Segment Start: Supplied entries

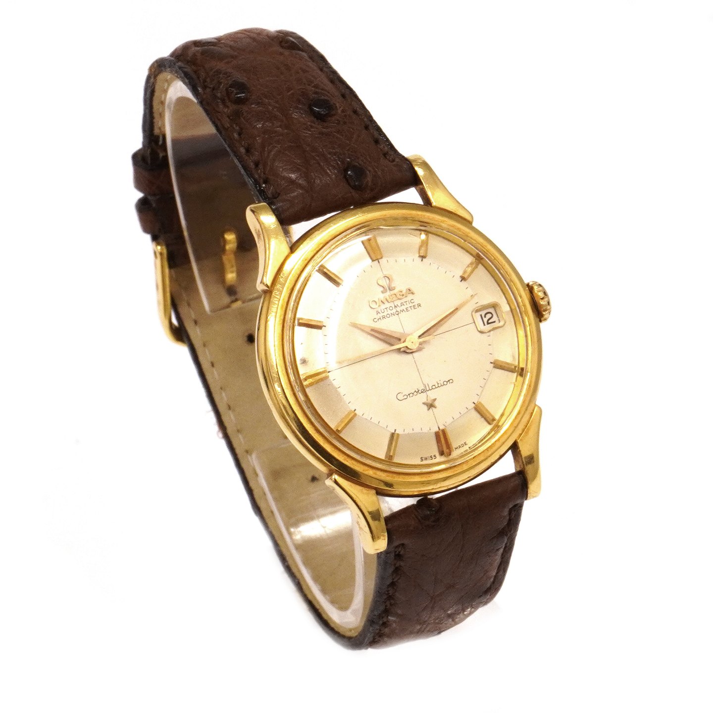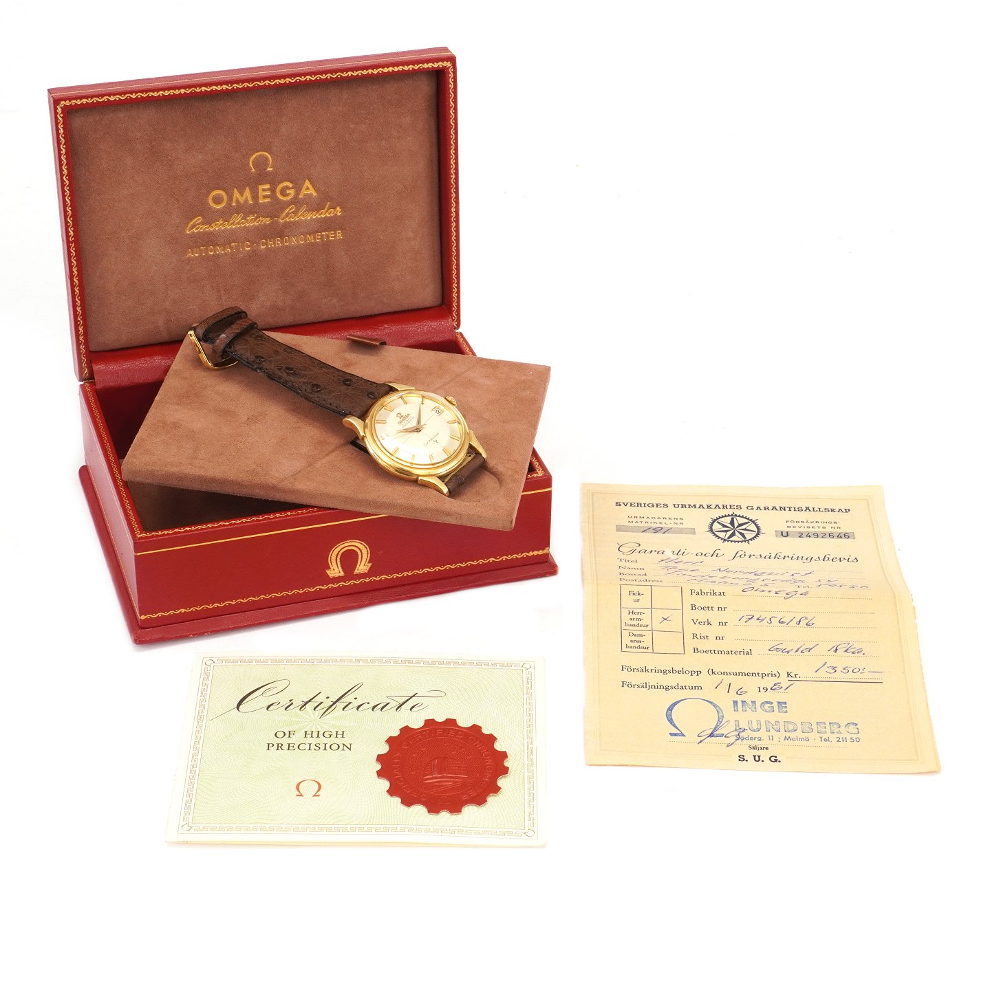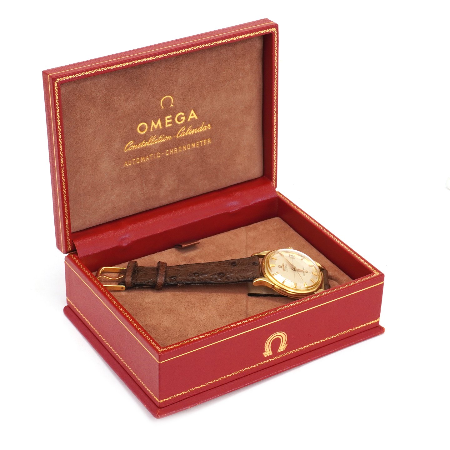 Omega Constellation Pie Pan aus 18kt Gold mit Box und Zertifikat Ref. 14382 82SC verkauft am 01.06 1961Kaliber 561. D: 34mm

Segment End: Supplied entries
Segment Start: Supplied entries

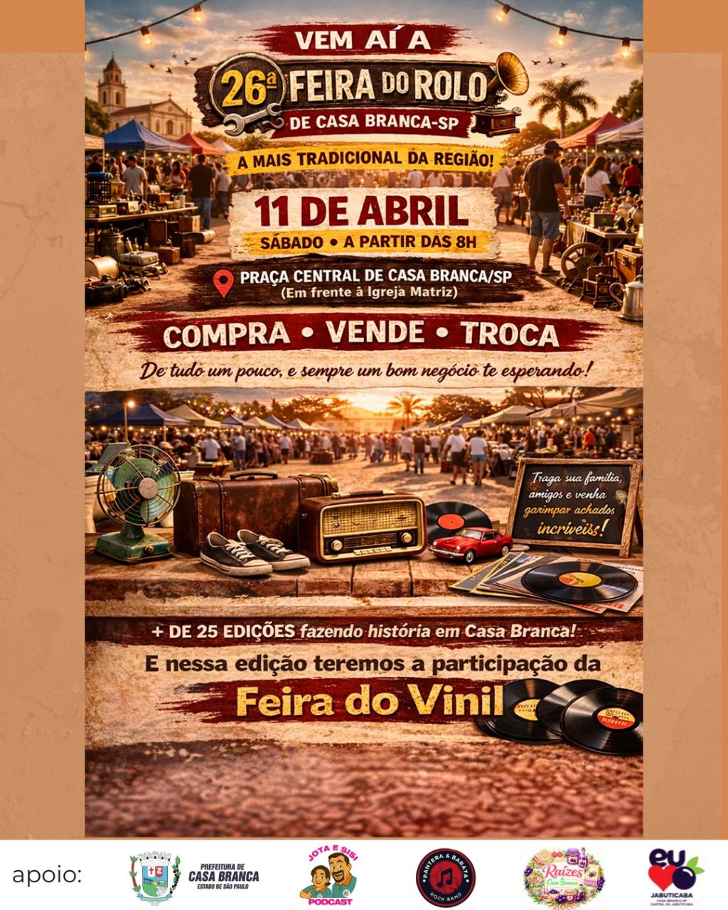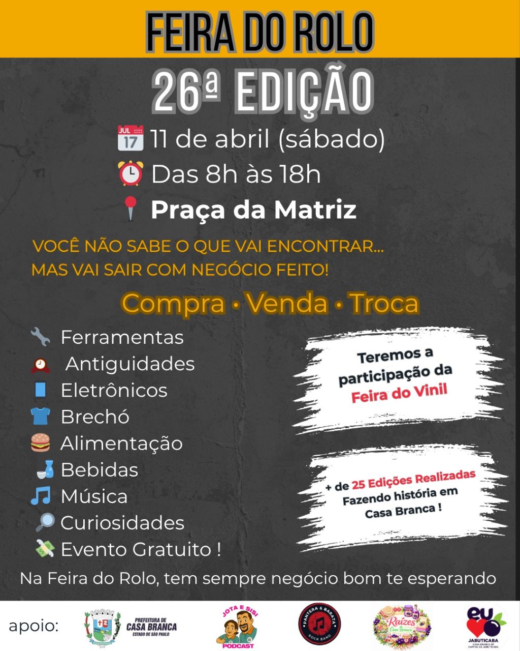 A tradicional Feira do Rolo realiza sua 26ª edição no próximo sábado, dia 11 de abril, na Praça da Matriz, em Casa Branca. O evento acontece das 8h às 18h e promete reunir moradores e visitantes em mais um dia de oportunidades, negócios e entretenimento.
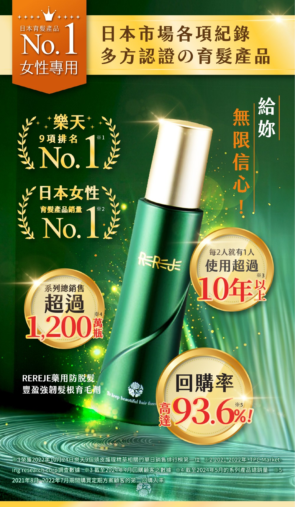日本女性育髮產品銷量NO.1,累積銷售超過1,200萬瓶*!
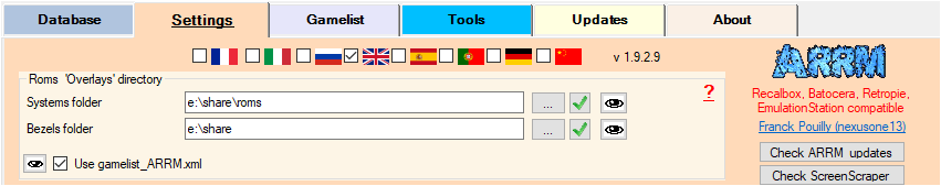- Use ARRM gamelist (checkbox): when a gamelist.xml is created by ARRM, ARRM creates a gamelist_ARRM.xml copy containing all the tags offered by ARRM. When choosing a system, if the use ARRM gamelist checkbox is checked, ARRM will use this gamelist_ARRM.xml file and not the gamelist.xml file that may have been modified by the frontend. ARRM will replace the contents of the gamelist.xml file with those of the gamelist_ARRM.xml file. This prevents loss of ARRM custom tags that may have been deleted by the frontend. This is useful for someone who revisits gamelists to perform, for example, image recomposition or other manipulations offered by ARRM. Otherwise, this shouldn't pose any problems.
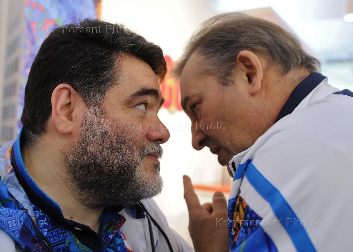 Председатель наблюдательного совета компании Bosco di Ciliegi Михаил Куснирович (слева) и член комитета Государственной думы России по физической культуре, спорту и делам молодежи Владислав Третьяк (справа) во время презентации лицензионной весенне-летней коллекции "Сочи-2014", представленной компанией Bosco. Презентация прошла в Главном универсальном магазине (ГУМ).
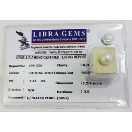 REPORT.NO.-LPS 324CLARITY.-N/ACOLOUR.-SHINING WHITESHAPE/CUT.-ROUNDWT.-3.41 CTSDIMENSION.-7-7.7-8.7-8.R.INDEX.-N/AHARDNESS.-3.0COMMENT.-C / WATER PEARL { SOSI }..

Segment End: Supplied entries

_What you need to do_
A clean copy is needed of the lines in the listing above from the one with "A tradicional Feira" through the one with "日本女性育髮產品銷量NO.1,累積銷售超過1,200萬瓶*!", exact in every word and free of pictures.

_Expected output_
 A tradicional Feira do Rolo realiza sua 26ª edição no próximo sábado, dia 11 de abril, na Praça da Matriz, em Casa Branca. O evento acontece das 8h às 18h e promete reunir moradores e visitantes em mais um dia de oportunidades, negócios e entretenimento.
日本女性育髮產品銷量NO.1,累積銷售超過1,200萬瓶*!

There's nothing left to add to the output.